Rebuilt in 1912 in a neo-classical Baroque style, the Astor House Hotel is one of the most lavish hotels in the city. It now houses the China Securities Museum which opens in a trial operation on Saturday.

The China Securities Museum will only allow a limited number of group visitors every Tuesday and Thursday during trial operations to protect the historic Astor House Hotel.

The museum opened on Saturday but no individual visitors are allowed and groups must book at least one week in advance.

Admission is free but ID or passports are required.

Four time slots are on offer and English language guides will be available soon. The museum will receive up to 200 visitors a day and will officially open by the end of 2020.

“The hotel is a listed building which can only receive limited number of visitors,” said the museum’s Zhang Weidong.

Another branch of the museum is planned in offices of the Shanghai Stock Exchange which are near completion in Pudong. It will also officially open by the end of 2020.

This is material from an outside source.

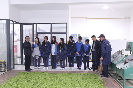 在泰岳村金叶子共富工坊、泰岳茶厂,师生们开展沉浸式实践学习:参观茶文化展厅,全面了解岭南茶史与茶圣事迹;走进制茶车间,细致观摩茶叶采摘、萎凋、杀青、揉捻、烘干等全流程工艺;品鉴上虞翠茗、岭南辉白等特色茶品,直观感受虞南高山茶的鲜香醇爽;在互动体验中,将课堂理论与实地操作深度融合,切实提升茶学素养。

Visitors are asked to keep quiet and avoid taking videos or using flash to protect items on display such as handwritten certificates of China’s earliest stocks dating back to the Qing Dynasty (1644-1911).

Prospective visitors can send applications to zgzqbwg@163.com for evaluation.

Book ahead to visit securities museum
Jiang Xiaowei / SHINE

The elegant Richards Hall on the second floor of the China Securities Museum.

Book ahead to visit securities museum
Jiang Xiaowei / SHINE

The former trading center of the Shanghai Stock Exchange is restored in the Peacock Hall, or the main banquet hall, on the ground floor.

Book ahead to visit securities museum
Jiang Xiaowei / SHINE

Visitors watch the historic stock certificates being displayed on the third floor of the museum. 

Book ahead to visit securities museum
Jiang Xiaowei / SHINE

A key exhibit is a written certificate of China's earliest stock which was issued in 1881 by the Kaiping Mining Bureau, a private coal mine under the supervision of the Qing Dynasty government in Tangshan City of north China's Hebei Province.